Leave out the pictures, then output the lines of the records below from the first through the one containing "Haftowany frak gotycki".

INFORMATION ::
"""

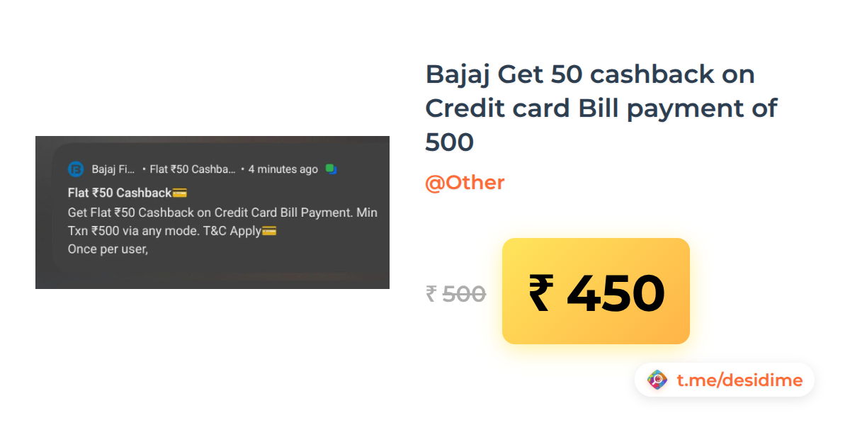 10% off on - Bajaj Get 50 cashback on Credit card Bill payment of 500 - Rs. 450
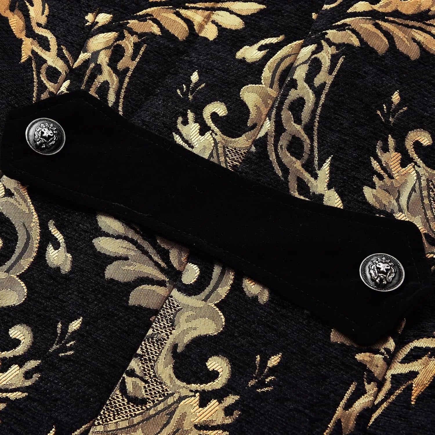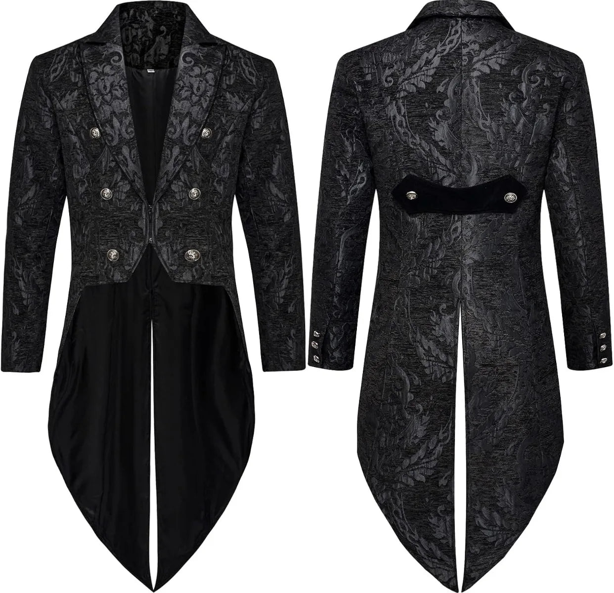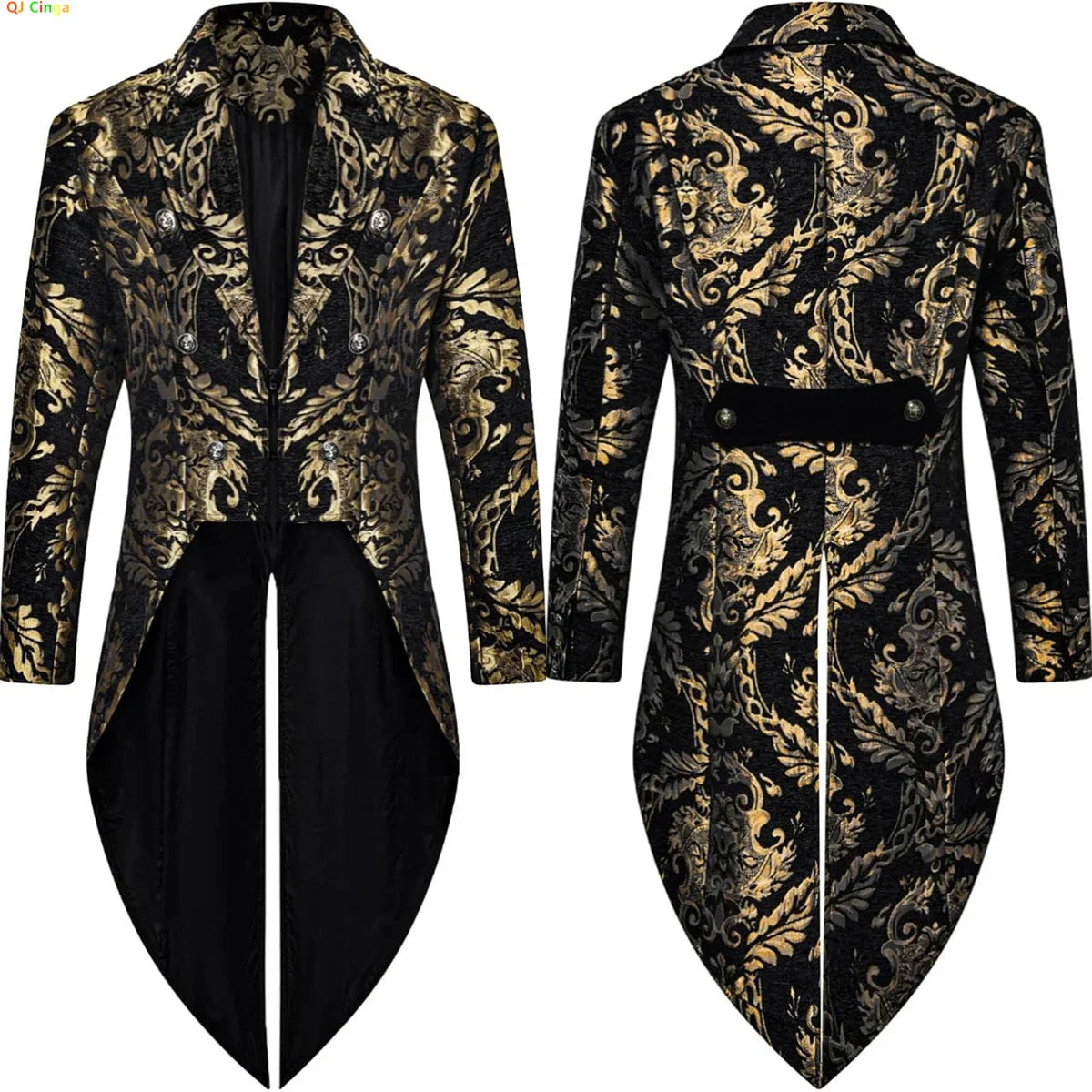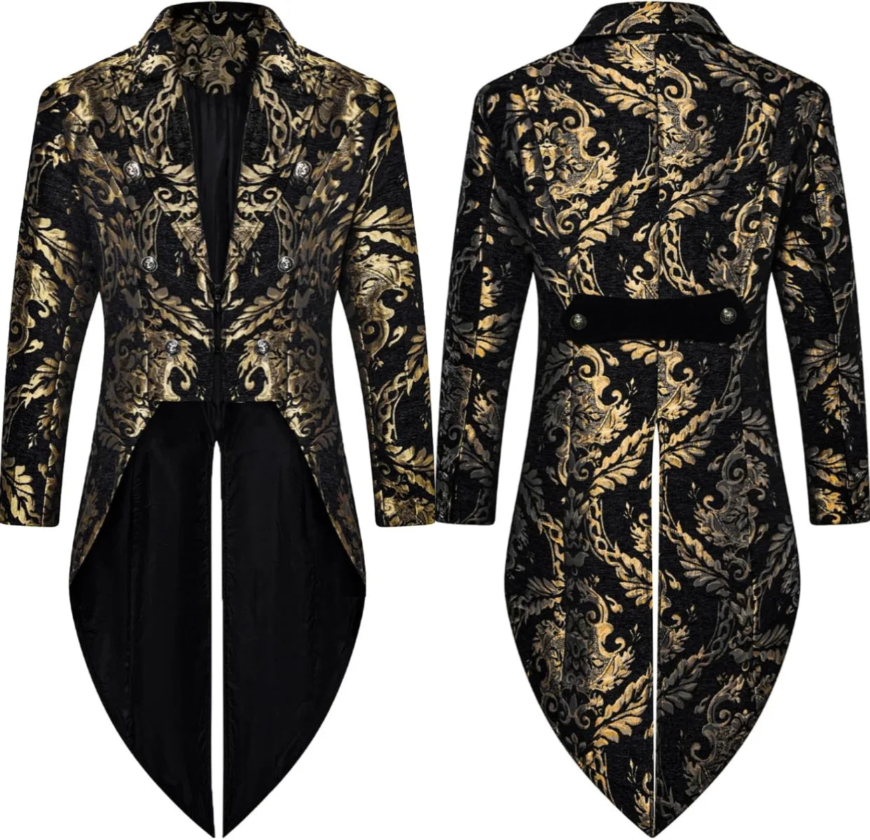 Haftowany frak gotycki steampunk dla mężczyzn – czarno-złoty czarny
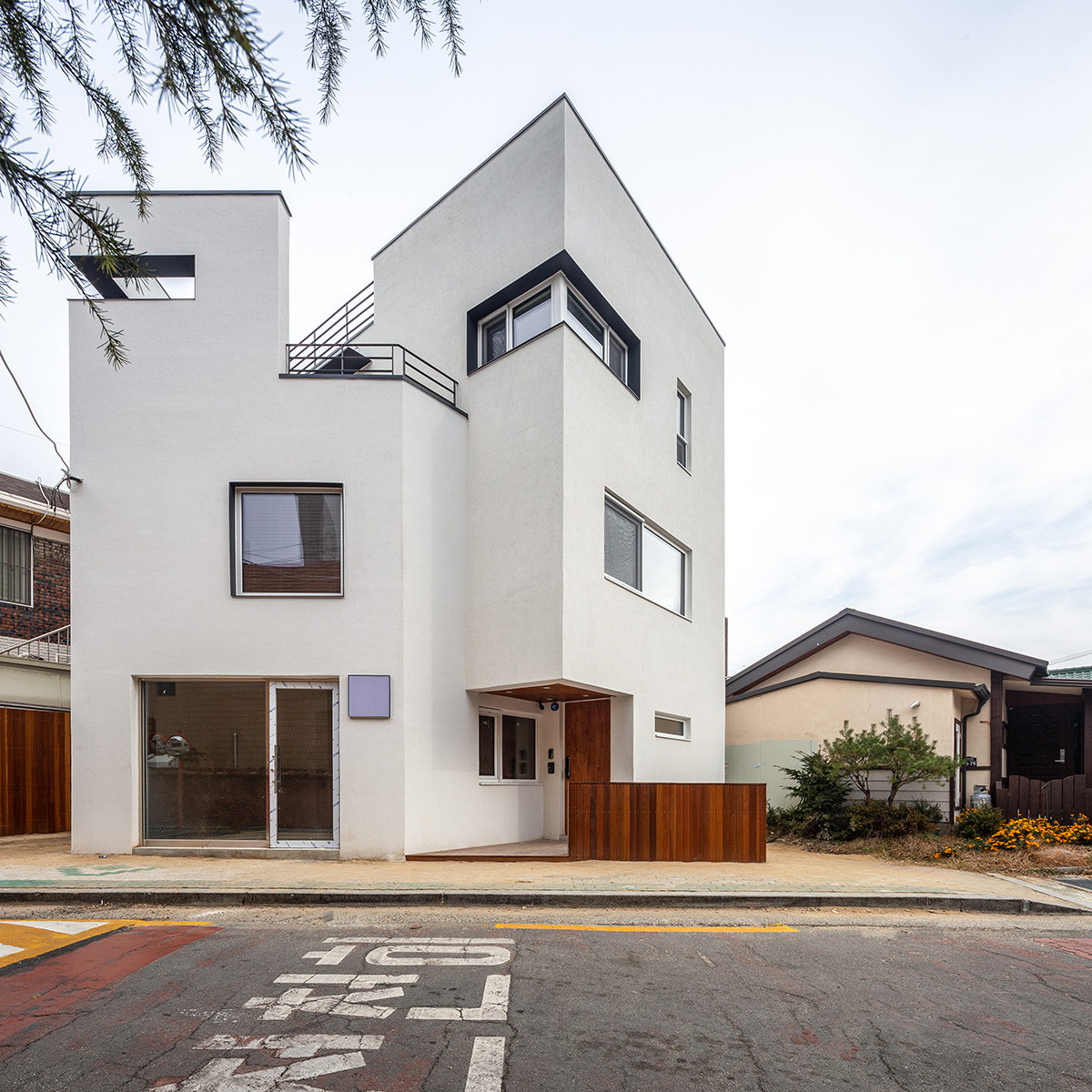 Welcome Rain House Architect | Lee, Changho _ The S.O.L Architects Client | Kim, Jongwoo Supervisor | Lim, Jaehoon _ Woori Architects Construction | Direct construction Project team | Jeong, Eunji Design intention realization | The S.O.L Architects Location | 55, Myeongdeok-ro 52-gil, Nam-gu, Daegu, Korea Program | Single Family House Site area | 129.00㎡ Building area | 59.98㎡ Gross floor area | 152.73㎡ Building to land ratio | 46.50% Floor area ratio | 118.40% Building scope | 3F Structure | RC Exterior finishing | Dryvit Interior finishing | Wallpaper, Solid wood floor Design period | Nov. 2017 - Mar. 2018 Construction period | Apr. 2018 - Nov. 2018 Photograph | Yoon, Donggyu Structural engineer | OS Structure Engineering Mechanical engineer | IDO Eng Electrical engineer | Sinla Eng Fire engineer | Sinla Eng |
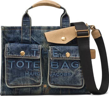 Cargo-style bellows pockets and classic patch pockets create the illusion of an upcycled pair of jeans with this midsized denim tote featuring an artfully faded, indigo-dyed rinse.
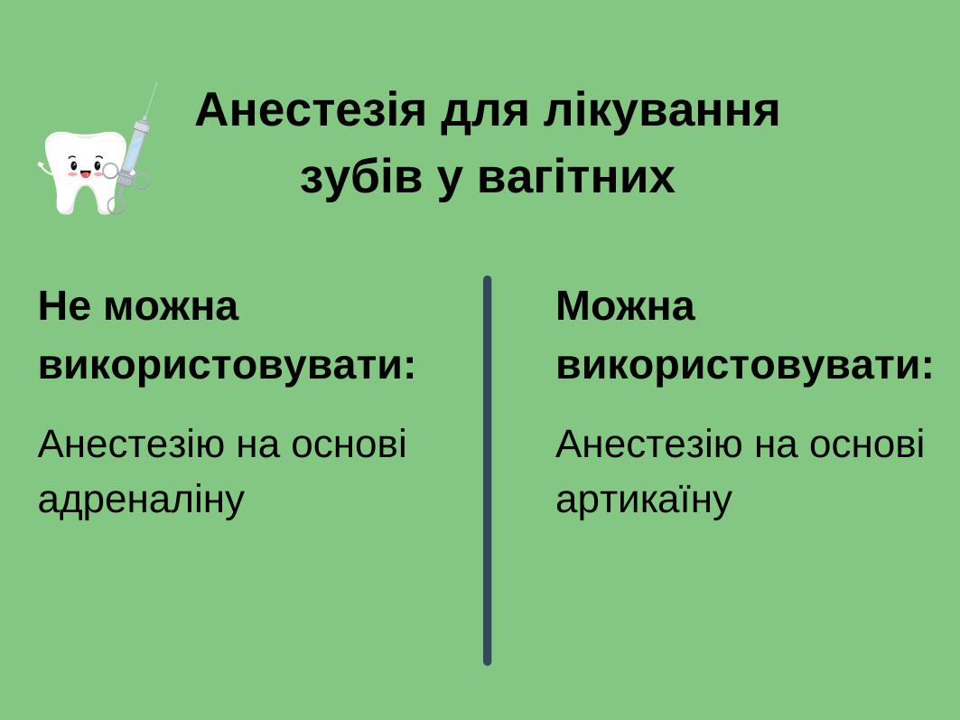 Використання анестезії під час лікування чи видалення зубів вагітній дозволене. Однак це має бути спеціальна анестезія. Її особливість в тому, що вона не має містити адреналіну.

"""

REPLY ::
 10% off on - Bajaj Get 50 cashback on Credit card Bill payment of 500 - Rs. 450
 Haftowany frak gotycki steampunk dla mężczyzn – czarno-złoty czarny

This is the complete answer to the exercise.